● **RECORDS PROVIDED**
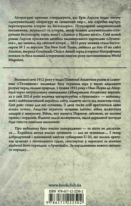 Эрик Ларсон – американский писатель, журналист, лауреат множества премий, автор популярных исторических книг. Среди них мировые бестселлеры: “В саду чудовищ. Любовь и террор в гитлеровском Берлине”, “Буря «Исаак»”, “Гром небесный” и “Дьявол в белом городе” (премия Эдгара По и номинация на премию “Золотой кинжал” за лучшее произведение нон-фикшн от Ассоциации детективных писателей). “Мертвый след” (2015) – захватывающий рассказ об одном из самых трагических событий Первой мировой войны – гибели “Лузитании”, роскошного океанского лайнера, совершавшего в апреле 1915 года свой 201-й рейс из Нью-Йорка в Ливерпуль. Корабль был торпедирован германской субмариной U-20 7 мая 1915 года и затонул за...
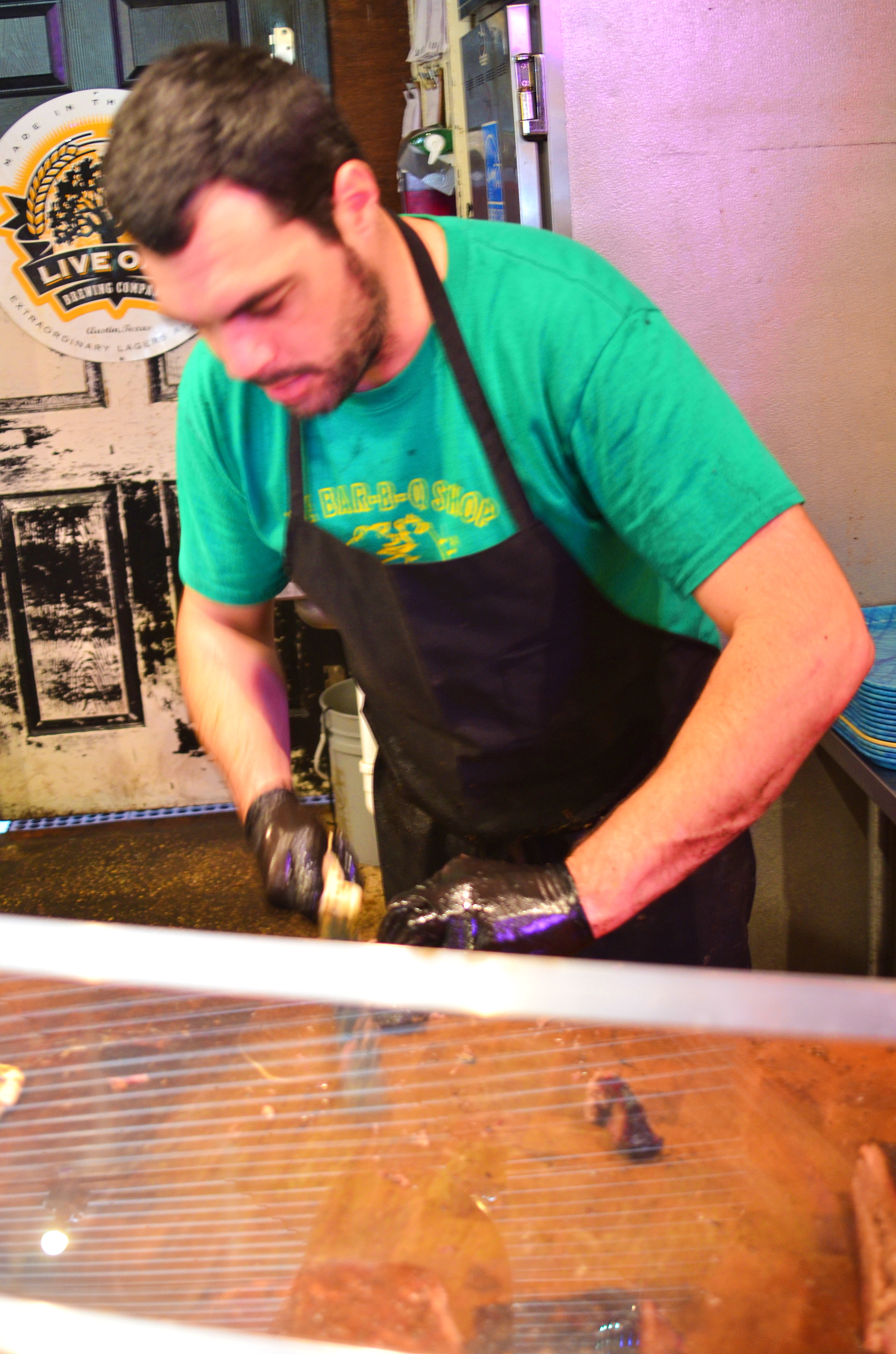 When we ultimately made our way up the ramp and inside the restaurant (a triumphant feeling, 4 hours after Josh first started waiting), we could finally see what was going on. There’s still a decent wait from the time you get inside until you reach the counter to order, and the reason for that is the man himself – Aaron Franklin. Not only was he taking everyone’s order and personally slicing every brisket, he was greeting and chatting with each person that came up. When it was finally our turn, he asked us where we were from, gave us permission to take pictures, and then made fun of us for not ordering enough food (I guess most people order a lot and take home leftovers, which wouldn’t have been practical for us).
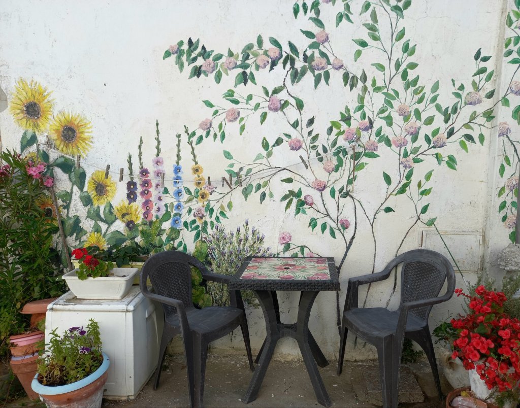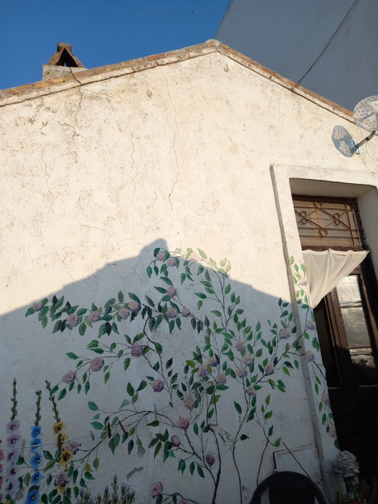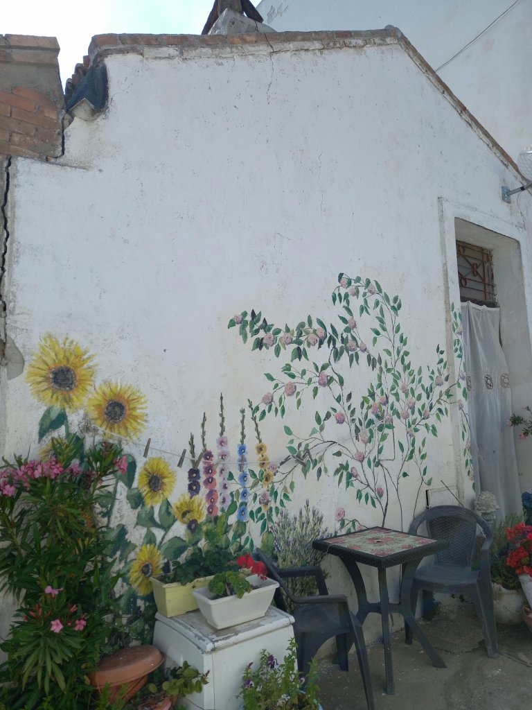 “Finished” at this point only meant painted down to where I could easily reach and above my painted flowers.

...

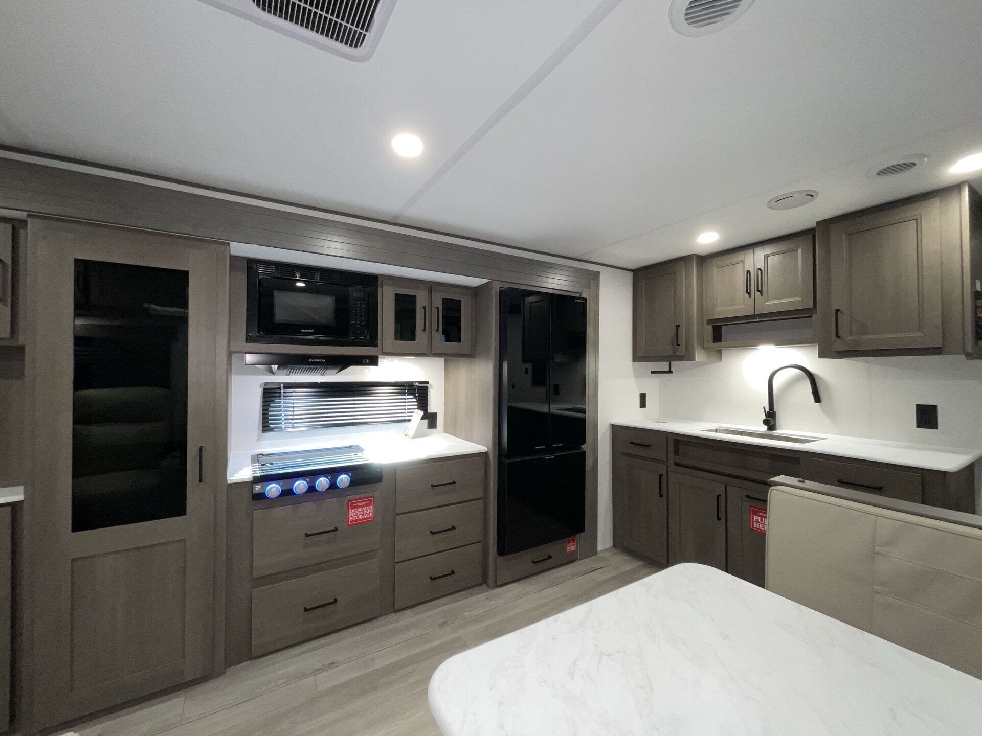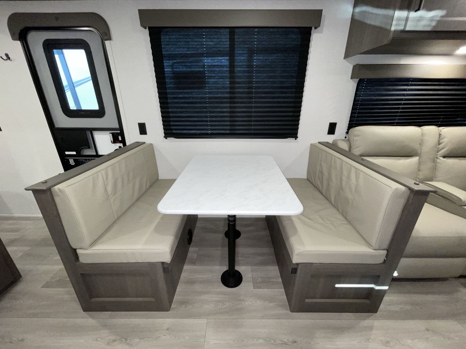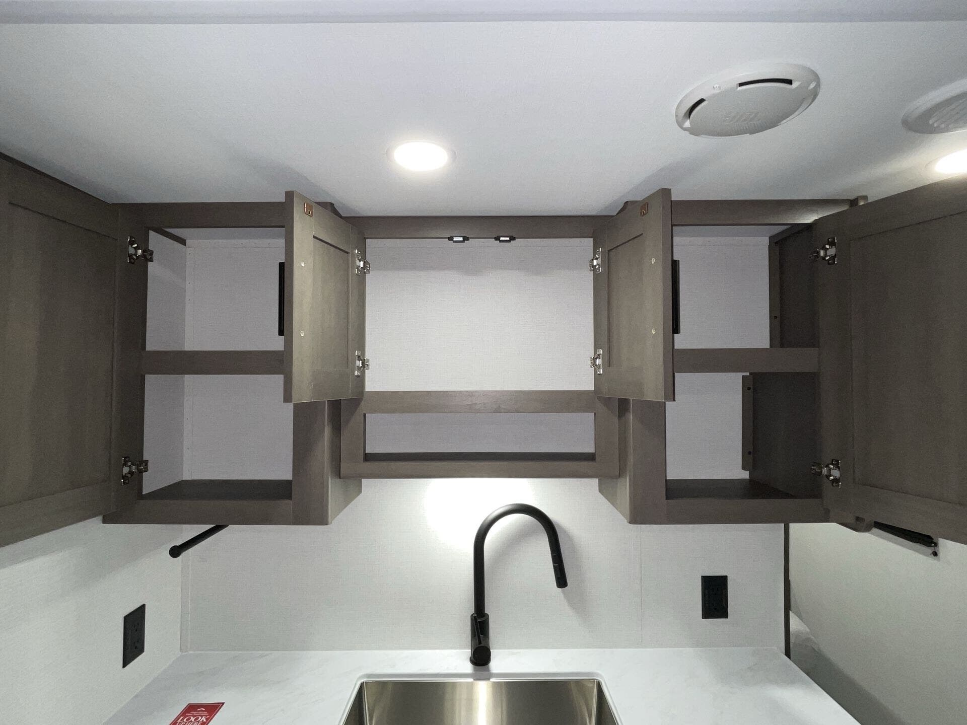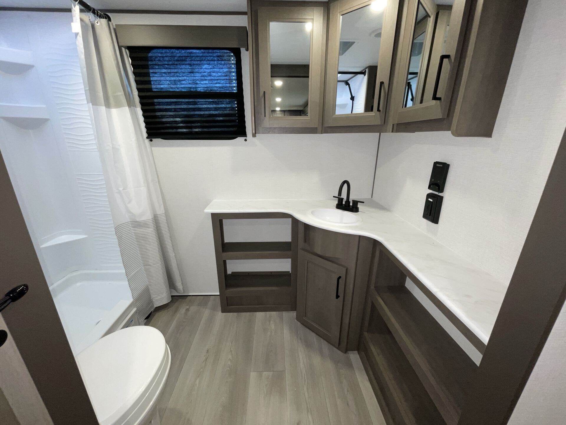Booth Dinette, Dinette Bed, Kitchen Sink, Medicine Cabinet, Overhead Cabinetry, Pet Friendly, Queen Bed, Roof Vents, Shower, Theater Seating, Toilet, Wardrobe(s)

● **REQUIRED ACTION**
For the material above, give again only the lines starting at the line that contains "Эрик Ларсон –" and ending at the line that contains "my painted flowers.". Pictures do not belong in the copy.

● **ANSWER TO THIS EXERCISE**
 Эрик Ларсон – американский писатель, журналист, лауреат множества премий, автор популярных исторических книг. Среди них мировые бестселлеры: “В саду чудовищ. Любовь и террор в гитлеровском Берлине”, “Буря «Исаак»”, “Гром небесный” и “Дьявол в белом городе” (премия Эдгара По и номинация на премию “Золотой кинжал” за лучшее произведение нон-фикшн от Ассоциации детективных писателей). “Мертвый след” (2015) – захватывающий рассказ об одном из самых трагических событий Первой мировой войны – гибели “Лузитании”, роскошного океанского лайнера, совершавшего в апреле 1915 года свой 201-й рейс из Нью-Йорка в Ливерпуль. Корабль был торпедирован германской субмариной U-20 7 мая 1915 года и затонул за...
 When we ultimately made our way up the ramp and inside the restaurant (a triumphant feeling, 4 hours after Josh first started waiting), we could finally see what was going on. There’s still a decent wait from the time you get inside until you reach the counter to order, and the reason for that is the man himself – Aaron Franklin. Not only was he taking everyone’s order and personally slicing every brisket, he was greeting and chatting with each person that came up. When it was finally our turn, he asked us where we were from, gave us permission to take pictures, and then made fun of us for not ordering enough food (I guess most people order a lot and take home leftovers, which wouldn’t have been practical for us).
 “Finished” at this point only meant painted down to where I could easily reach and above my painted flowers.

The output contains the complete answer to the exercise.